Since those early days, we’ve gained thousands of users and received hundreds of emails and /arc-feedback messages suggesting features, giving feedback and saying thanks. But, those messages were just words. Valuable words with potential, but still just words. Up until the end of August, we didn't have a way for our users to act on their positive feedback.

In mid August, we released the first Paid Plan for Arc.

All our positive feedback was a great signal, but a paying customer would be clear evidence that we are making a product that matters. Our $9 monthly subscription fee was high enough to reinforce our decision to keep working while still being accessible for all our potential target markets.

Thinking back, we honestly thought that if we released payments, people would pay. Our service hadn’t changed but we were getting great feedback, so why wouldn’t we get customers? We were even making guesses on how long it would take. One week? Two weeks? THREE WEEKS? ya right, too long.

One hour passed. Nothing
One day. Nothing
One week. Nothing
Three whole weeks passed. Still nothing

We didn’t have illusions of getting tons of users right away. But, we thought we’d get one. From the ~40 new sign ups every day and the thousands of active users, no one was upgrading. The user experience was rough. There were still a million things to do. But people ‘loved’ Arc… just not enough to upgrade.

Feedback received.

Arc was clearly a concept that people liked, but we weren’t executing well enough. We had users, but not customers. We went through our feedback with our target market in mind and started to make small improvements.

In September, we got our first paid user. Sadly, 1 minute later, they were also our first cancellation.

We got in touch with our 1 minute customer and immediately offered a refund. All three of us agreed that if someone cancelled because they didn’t get what they wanted from Arc, they shouldn’t get charged.

During the exchange, we also learned why they cancelled and what specific features would convince them to come back. This was a big moment for us. This was real feedback from someone who took action and was willing to spend $9 in hopes that Arc solved their problem. It didn’t, but that was a small issue that could be corrected quickly! We had found a clear path to getting our first customer.

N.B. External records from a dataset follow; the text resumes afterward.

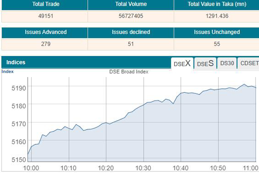 Accordingly, the prime index of the Dhaka Stock Exchange (DSE) went up by 33 points or 0.65 per cent to 5,185 at 11:00 am, when the report was filed.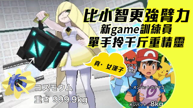 呢個望落嬌滴滴嘅少女訓練員莉莉艾,個袋裝住嘅笨唔係普通嘅精靈,而係重達999.9kg嘅科斯莫姆呀!嘩,999.9kg咁咪即係差唔多成噸重?唔係下化,雖然好多女人個袋平日都好似裝磚頭咁,但都唔會孭住一噸周圍行仲面不改容咁恐怖啩!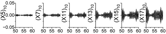The number of the singular values in Equation (5) denotes the system order n. Note that in practical structures, it is quite difficult to determine the system order directly from the singular value of the Toeplitz matrix since the singular values associated with tend to be small numbers rather than zero under the influence of noise. If the selected system order deviates from the required order, the identified results will miss some physical modes or yield some spurious modes. Generally, the stabilization diagram of the identified modal parameters with the increasing order is employed to decide the order of the system to search the stable poles. However, the quality of the stabilization diagram is still highly related to the noise and for the structures with quite close modes, it is still not easy to pick up the exact system order [29,30,31,32]. Thus, the MEMD is deployed as a preprocessing tool, aiming to reduce the effect of noise and obtain a credible system order. For the MSSI method, the multivariate signals are firstly decomposed into several aligned IMFs. Basically, the divided signals contain only a dominant component in the frequency domain, and the majority of the noise is filtered out.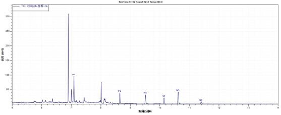 測定方式:TIC(FULL SCAN)定性(掃描范圍:45-450amu),SIM模式定量。
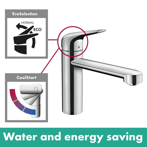 Hansgrohe M42 M4221-H120 Mitigeur de cuisine 1 trou CoolStart EcoClick avec bec pivotant à 360° chrome
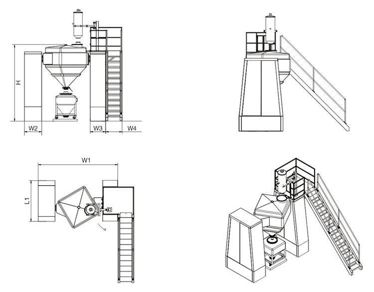 FH料斗混合機經過精心設計,其混合偏角、出料角度、圓弧過度及結構等都達到了理想狀態。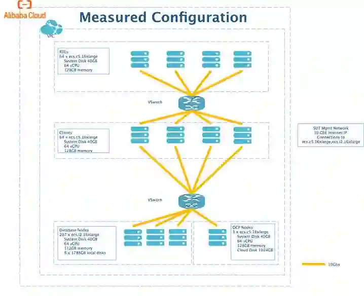 据技术团队透露,本次测试“OceanBase的数据库服务器使用的是204+3台型号是ecs.i2.16xlarge阿里云ECS服务器,其中204台作为datanode,还有3台作为root node” 。测试采用的服务器与生产系统完全一样。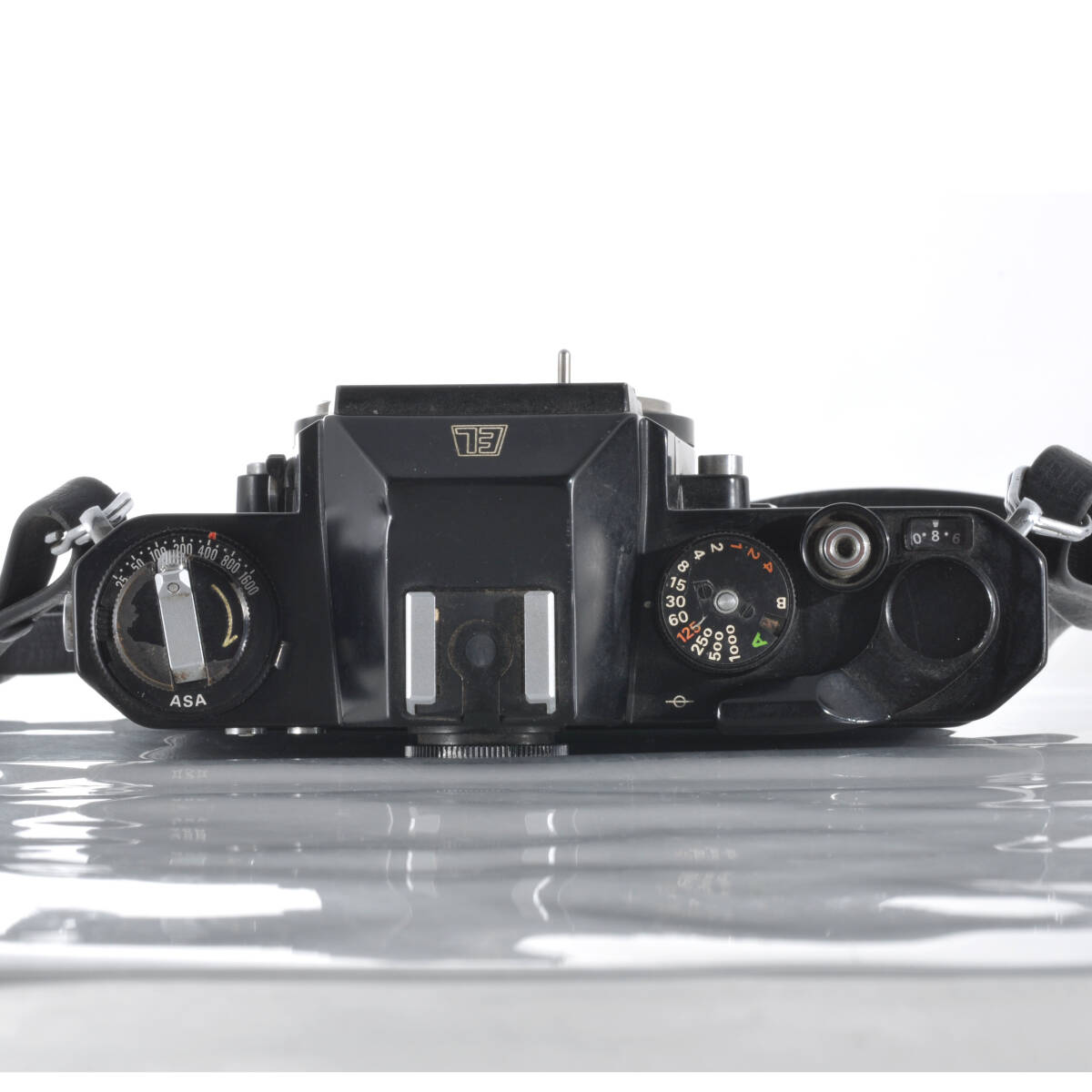 Nikomat ELは、ニコンが1972年に発売した電子制御式シャッター搭載の一眼レフカメラです。機械式と電子式の融合により信頼性と精度を両立し、クラシカルなデザインと操作感で人気を博しました。
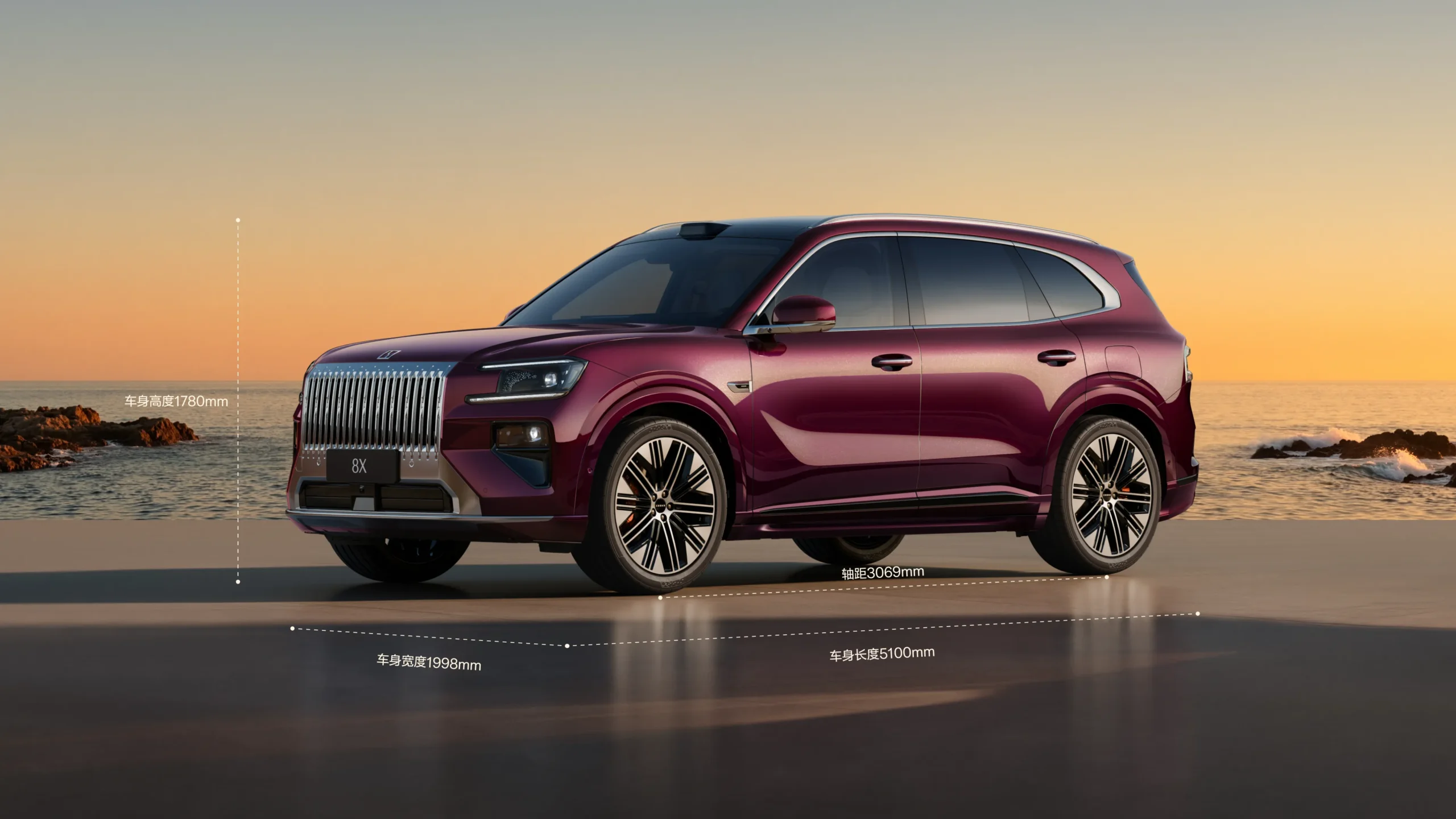 • Dimensiuni: Lungime 5100 mm, lățime 1998 mm, înălțime 1780 mm.
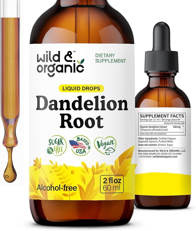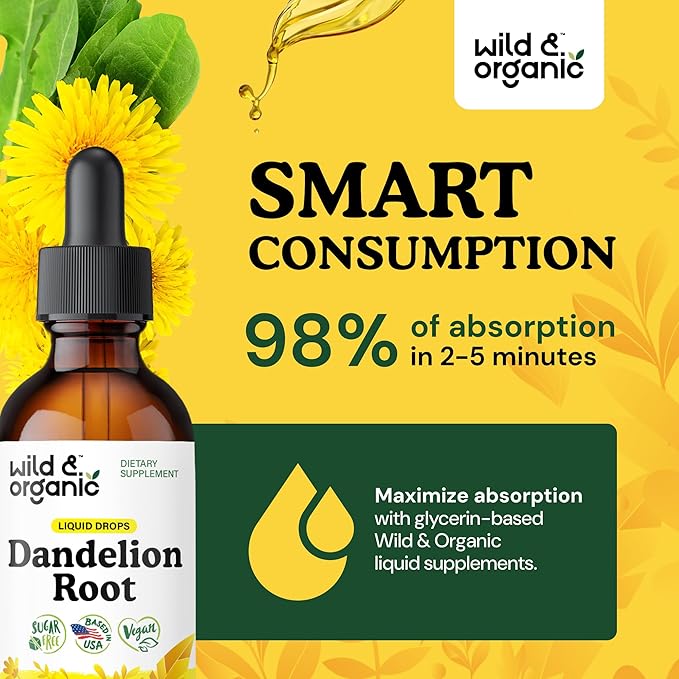 - Liver Support: Each serving of Wild & Organic dandelion root tincture contains 650 mg of dandelion root extract for liver support.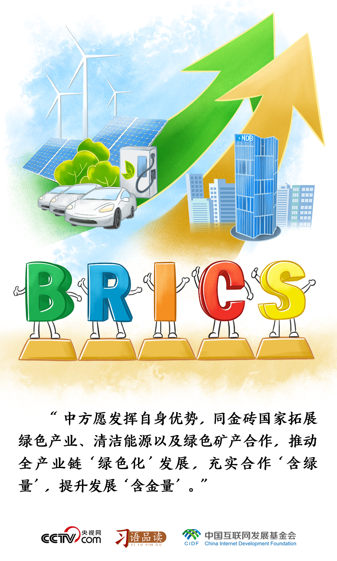 习主席强调,中方愿同金砖国家拓展绿色产业、清洁能源以及绿色矿产合作,推动全产业链“绿色化”发展,充实合作“含绿量”,提升发展“含金量”。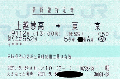 | JR東日本 / 北陸新幹線 「はくたか」562号 562E 上越妙高 13:00 → 東京 14:52 | ||||||||||||||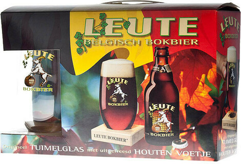 Пиво "Leute" Bokbier, gift set (3 bottles & glass), 0.33 л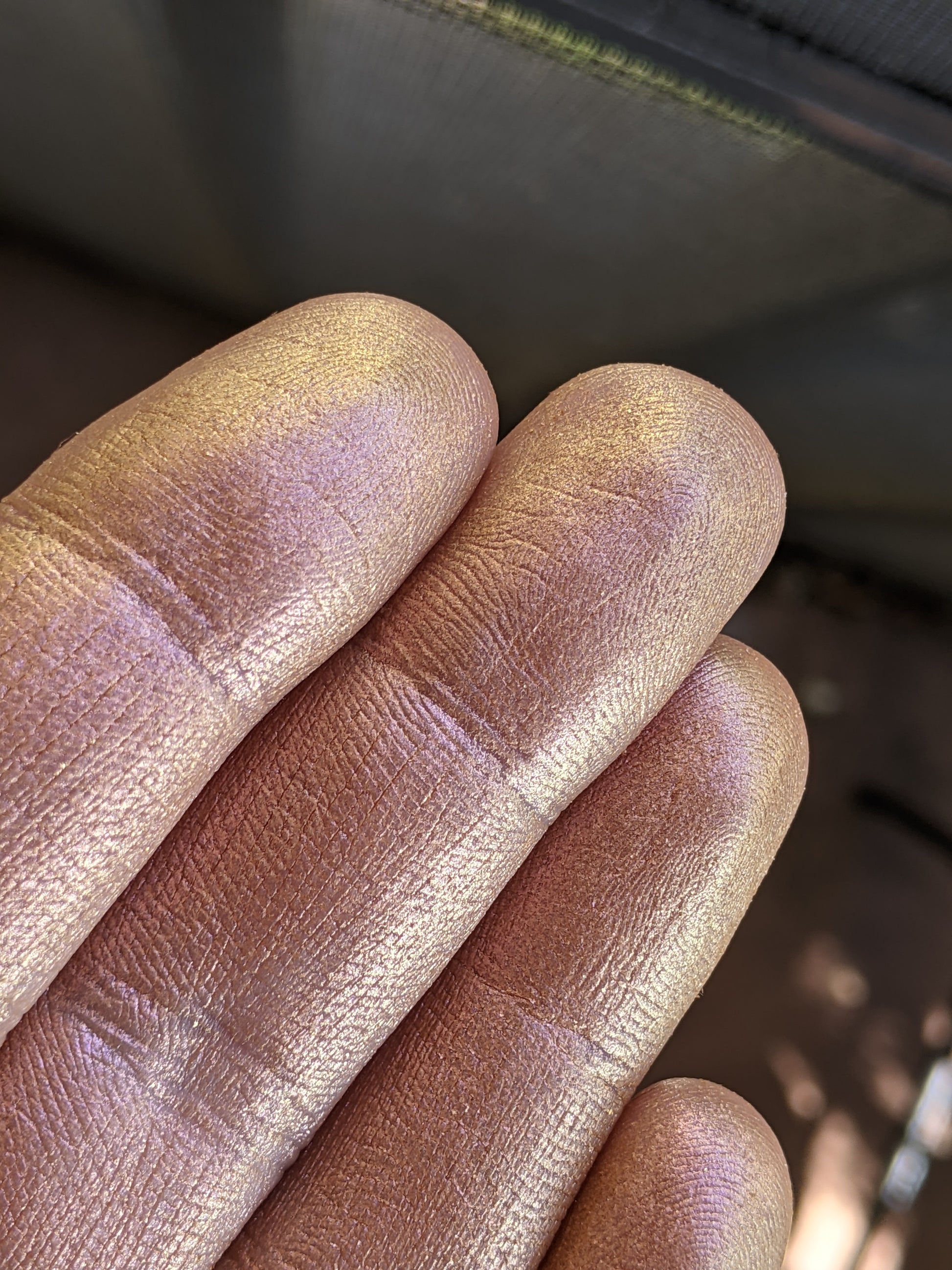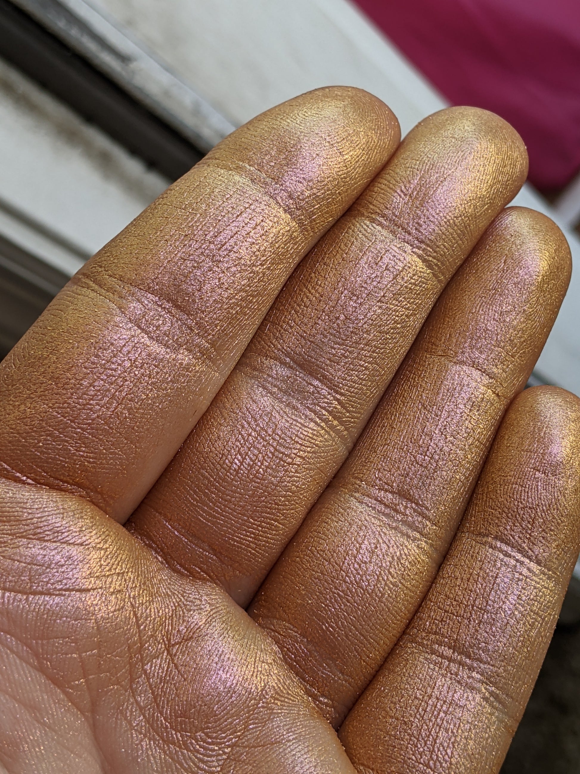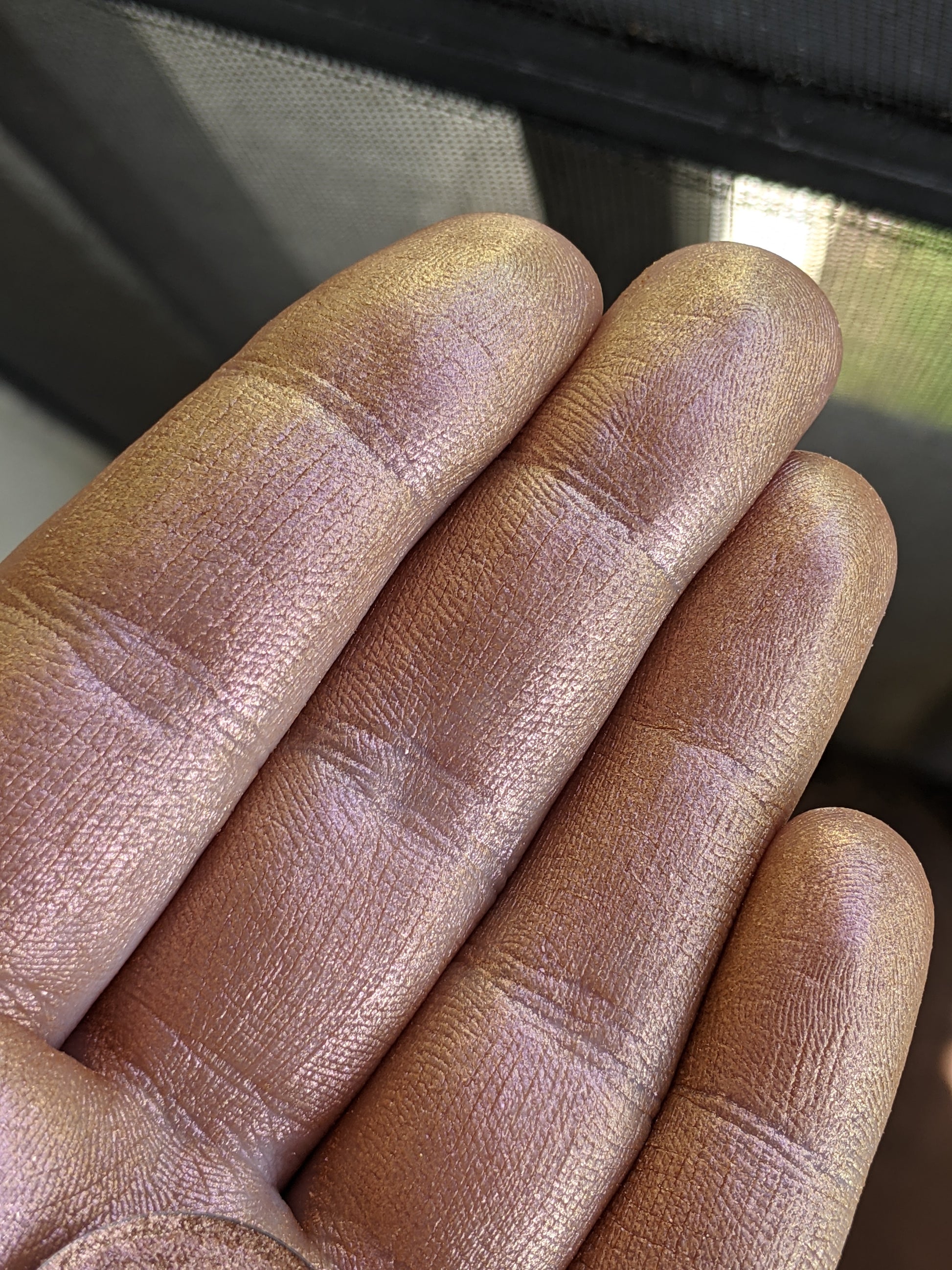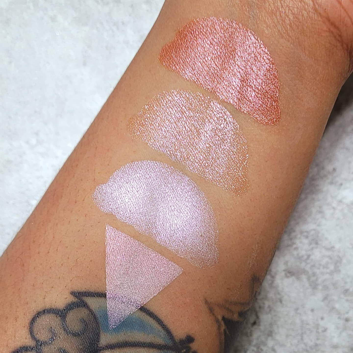 The Huntsman of the Princes; Hircine is a sparkle-based multichrome that shifts between shades of gold, peachy- champagne, and red. Similar in formula to Dahlia, but with different shifts. A primer is recommended to achieve the full multichrome effect. Each eyeshadow pan is magnetic and comes in 26mm, the size of a quarter. This is a pressed product, making it easy to apply with your favorite brush or even your finger.

A week later, we were releasing small features with our first paid user in sight.

Our new strategy brought new customers. First it was one. Then it was two in two days! Then it was multiple sign ups in a single day! Then, two weeks later, we got that very first user to enthusiastically upgrade their account. Our users had responded to our work by upgrading. They backed up their words with the most valuable action possible; they became our customers!

I wanted to write this post to talk about validating a product with actions instead of words. But it’s also a thank you post. Thank you to that first customer who canceled after 1 minute. There’s never been a time that I’ve gone from such a monumental high to a cataclysmic low. But from that, Arc’s matured and every day more users are validating it through their actions.